Let’s use an R package to solve this problem. We first try a linear kernel.

  # you need to install the package from github
  # devtools::install_github("cran/DTRlearn")

  library(DTRlearn)
## Loading required package: kernlab
## 
## Attaching package: 'kernlab'
## The following object is masked from 'package:scales':
## 
##     alpha
## Loading required package: MASS
## Loading required package: ggplot2
## 
## Attaching package: 'ggplot2'
## The following object is masked from 'package:kernlab':
## 
##     alpha
## The following object is masked from 'package:randomForest':
## 
##     margin
  par(mfrow = c(1, 1))
  # fit OWL using a linear kernel
  owl.fit = wsvm(X = cbind(x1, x2), A = a, wR = R-min(R), kernel = "linear")

  # plot results
  xgrid1 = seq(0, 1, 0.01)
  xgrid2 = seq(0, 1, 0.01)
  mesh = expand.grid(xgrid1, xgrid2)
  colnames(mesh) = c("x1", "x2")

  meshlabel = predict(owl.fit, data.matrix(mesh))

  # the decision line
  contour(xgrid1, xgrid2, xaxt = "n", yaxt = "n", lwd = 2,
          matrix(meshlabel, length(xgrid1), length(xgrid2)), levels = c(0.5))
  points(mesh, pch=".", cex=1.2, 
         col=ifelse(meshlabel==1,  "deepskyblue", "darkorange"))
  points(x1, x2, pch = 19, cex = (R+0.5)/1.5, 
         col = ifelse(a==1, "deepskyblue", "darkorange"))

Clearly, this is not ideal.

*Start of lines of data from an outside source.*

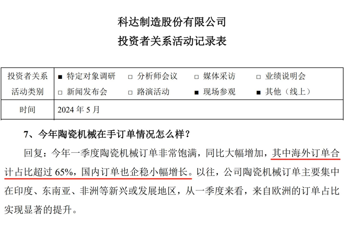 在全球化戰(zhàn)略的指導(dǎo)下,科達的陶機業(yè)務(wù)海外銷售比例于2024年再創(chuàng)新高。根據(jù)其發(fā)布的一系列公告內(nèi)容,陶機業(yè)務(wù)的海外市場接單占比在2022年首次突破55%,2023年繼續(xù)保持了該占比數(shù)據(jù),而在2024年一季度這一占比數(shù)據(jù)已沖破65%,國內(nèi)訂單也企穩(wěn)小幅增長。
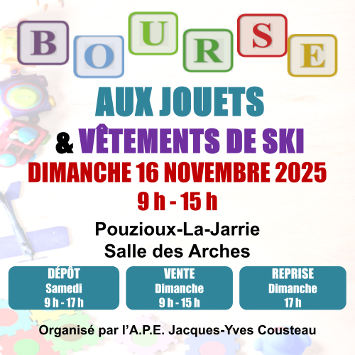 L’APE Jacques-Yves Cousteau organise une bourse aux jouets et aux vêtements de ski.
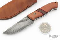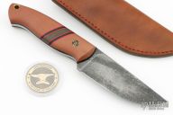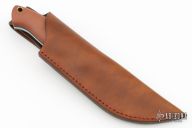 This Wanderer by Trollsky Custom Knives features an acid stonewashed blade with .176" blade stock and 1.377" blade depth, full tang construction. The handle has vintage linen micarta scales with black liners, custom mosaic pin and a lanyard hole. Comes with a brown leather sheath. New from maker at the 2024 Blade Show.

Hence, we can try rbf kernel

  owl.fit = wsvm(X = cbind(x1, x2), A = a, wR = R-min(R), kernel = "rbf", sigma = 2)
  meshlabel = predict(owl.fit, data.matrix(mesh))
  
  # the decision line
  contour(xgrid1, xgrid2, xaxt = "n", yaxt = "n", lwd = 2,
          matrix(meshlabel, length(xgrid1), length(xgrid2)), levels = c(0.5))
  points(mesh, pch=".", cex=1.2, 
         col=ifelse(meshlabel==1,  "deepskyblue", "darkorange"))
  points(x1, x2, pch = 19, cex = (R+0.5)/1.5, 
         col = ifelse(a==1, "deepskyblue", "darkorange"))

We can also use random forests to perform this weighted classification.

  # fit OWL using a random forest
  library(RLT)
## RLT and Random Forests v4.2.6
## pre-release at github.com/teazrq/RLT

  owl.fit = RLT(cbind(x1, x2), as.factor(a), model = "classification",
                obs.w = R - min(R) + 0.1, ntrees = 1000, 
                resample.prob = 0.75, resample.replace = FALSE,
                nmin = 45, mtry = 2)

  meshlabel = predict(owl.fit, mesh)$Prediction

  # owl.fit = wsvm(X = cbind(x1, x2), A = a, wR = R-min(R), kernel = "rbf", sigma = 1.5)
  # meshlabel = predict(owl.fit, data.matrix(mesh))
  
  # the decision line
  contour(xgrid1, xgrid2, xaxt = "n", yaxt = "n", lwd = 2,
          matrix(meshlabel, length(xgrid1), length(xgrid2)), levels = c(0.5))
  points(mesh, pch=".", cex=1.2, 
         col=ifelse(meshlabel==1,  "deepskyblue", "darkorange"))
  points(x1, x2, pch = 19, cex = (R+0.5)/1.5, 
         col = ifelse(a==1, "deepskyblue", "darkorange"))

Other Settings

Personalized medicine does not just end here. There are many settings we need to consider, for example when the decision is continuous (Chen, et. al, 2016), subject to censoring (Cui, et. al, 2022), dynamic decisions (Chakraborty and Murphy, 2014). And the problem eventually falls into the domain of reinforcement learning when there are a very large number of decisions to make.